A different approach to the business of regulation

The Australian Labor party is promising to take an existing regulation off business for every one new one it puts on. The Labour party here has agreed to a select committee hearing for Rodney Hide’s Regulatory Responsibility Bill.

What’s going on? Aren’t Labour parties supposed to be trigger-happy regulators?

That instinct originated from a socialist mistrust of markets as unfair and oppressive for the weak. Capitalism, for all its wealth-creating energy, had to be tamed before it could be trusted to work in workers’ interests.

The first Labour government even proposed locking into law the sweeping second world war command-economy controls. It pulled back but did pass the Economic Stabilisation Act, under which Ministers of Finance till 1984 could and did dictate wide-ranging controls, even fixing wages and prices.

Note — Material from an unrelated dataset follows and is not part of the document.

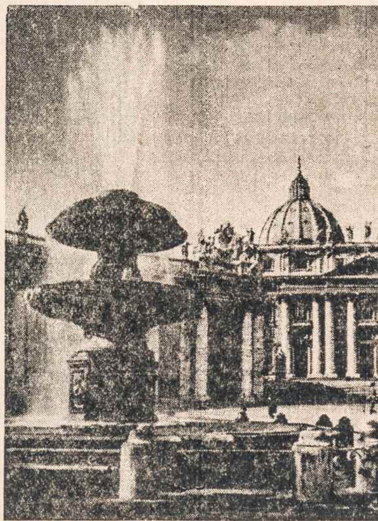
FONTANAS šv. Petro bazilikos aikštėje.

But shackle the capitalist beast too much and its roar dwindles to a whimper. By the 1980s the issue in this country was not how to tame capitalism but how to revitalise it.

For all the Clark governments’ rhetoric about “1990s excesses”, they have understood that wealth creation needs relatively free markets.

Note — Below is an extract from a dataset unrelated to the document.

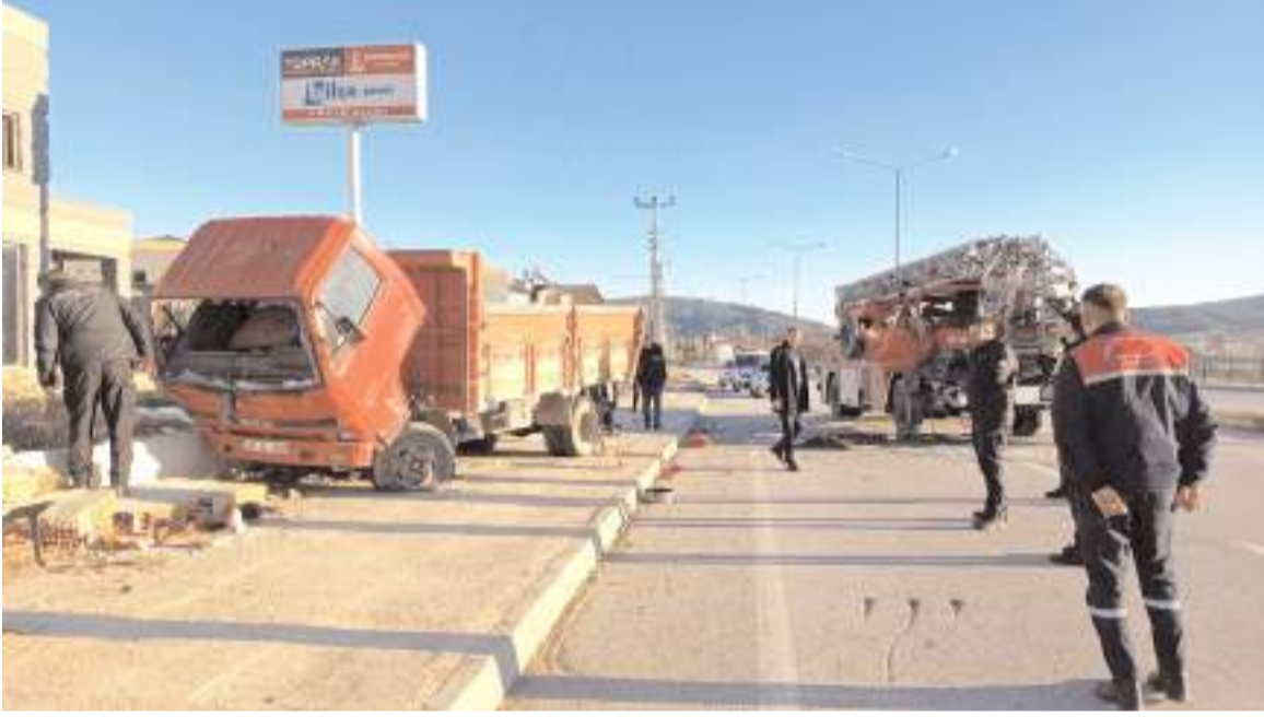
Kaza, Koyunbaba Mahallesi, Rifat Göbel Caddesinde meydana geldi.

Cuma gününden itibaren Çorum'da hava sıcaklığı ise 4-5 derece arasında seyredecek.

That implies some people profit at others’ expense, some prosper more than others and some get hurt. The issue, for governments of all stripes, is setting the balance.

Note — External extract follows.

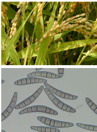
図 1 イネごま葉枯病菌の罹病葉 (上) とイネごま葉枯病菌の分生孢子 (下)

イネに斑点病を引き起こすイネごま葉枯病菌 ( Bipolaris oryzae ) (図 1) の分生孢子形成は、紫外線 (UVB) によって誘導されるが、その誘導効果は青色光 (UVA/Blue) によって打ち消される、といったユニークな拮抗的光反応によって調節されている (図 2)。日本各地から分離したイネごま葉枯病菌の 99%以上がこの光調節反応を持つ「光誘導型」であり、さらに胞

That implies removing unnecessary, excessive and counterproductive interferences, especially for small and medium-sized enterprises (SMEs), which don’t have the administrative resources big businesses have.

Hence Commerce Minister Lianne Dalziel’s regulation quality review, started last year, to reduce the time, effort and cost of complying with government requirements and laws, with a special focus on SMEs.

Officials are collecting and in small ways responding to business gripes about complex form-filling, complying with audits, overlapping laws and so on. Each gain is small in itself but over time should accumulate. A final report is due end-August and Dalziel wants an ongoing process.

Not enough, say Hide and business lobbies. Hence his bill. He wants to regulate the regulator.

The bill seeks to require all law not to diminish personal security, liberty and rights in contract and property and, if it does, to meet a strict and narrow public interest test.

It emulates Ruth Richardson’s 1994 Fiscal Responsibility Act, now part of the Public Finance Act, which has required governments to keep debt at a “prudent” level, “prudently” manage fiscal risk and maintain a “reasonable degree of predictability” about future levels and stability of tax rates and, if departing from those principles, tell Parliament why. It has had a salutary effect on Budget-making.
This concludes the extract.